## ENTRIES PROVIDED
▶
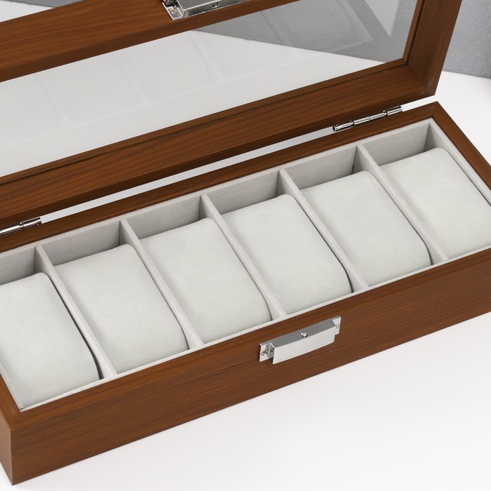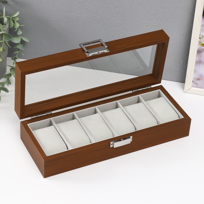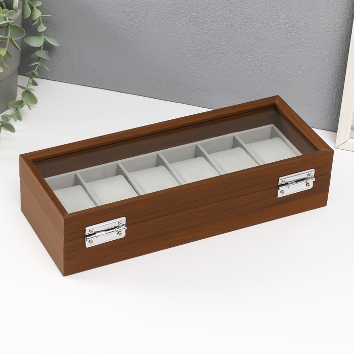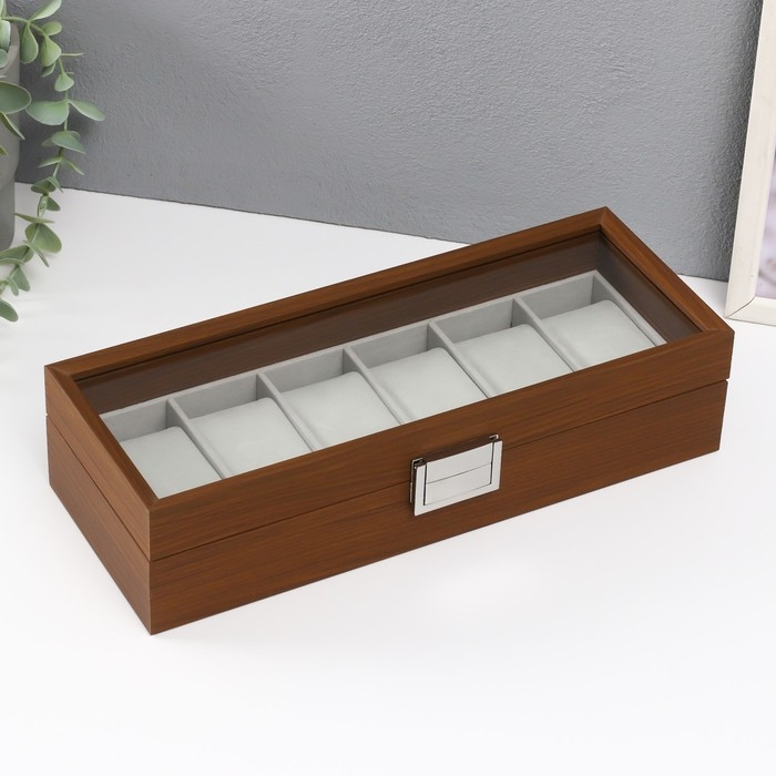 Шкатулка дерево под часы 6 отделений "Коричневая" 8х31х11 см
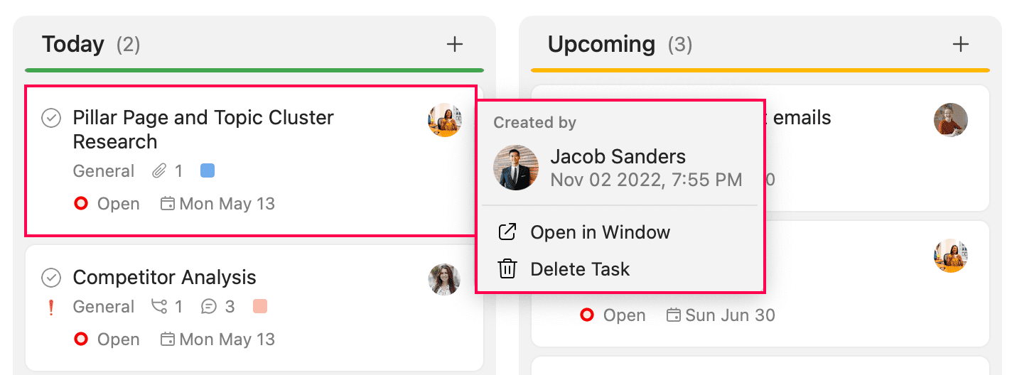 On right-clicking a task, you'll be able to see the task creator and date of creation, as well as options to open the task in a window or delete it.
◀
▶
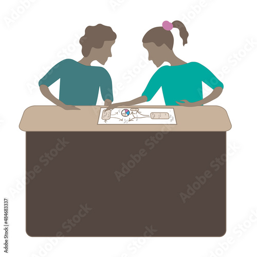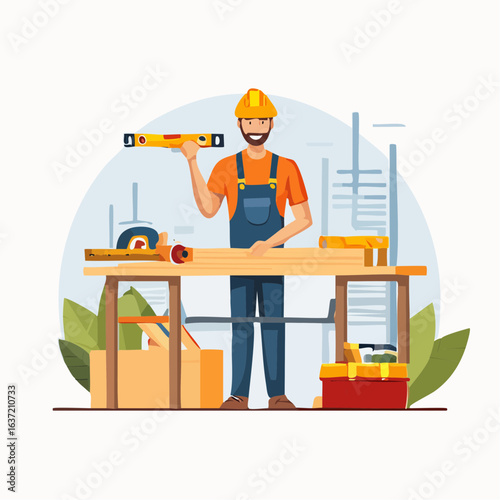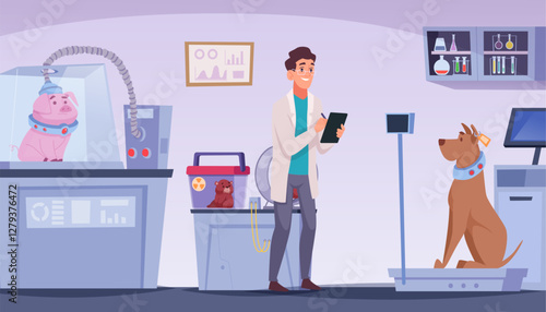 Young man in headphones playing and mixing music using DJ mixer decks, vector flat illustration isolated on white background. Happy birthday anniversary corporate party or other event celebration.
◀
## YOUR TASK
Only one stretch of the material above is wanted: the line containing "Шкатулка дерево под" through the line containing "On right-clicking a". Restate it word for word, minus the pictures.

## TASK SOLUTION
 Шкатулка дерево под часы 6 отделений "Коричневая" 8х31х11 см
 On right-clicking a task, you'll be able to see the task creator and date of creation, as well as options to open the task in a window or delete it.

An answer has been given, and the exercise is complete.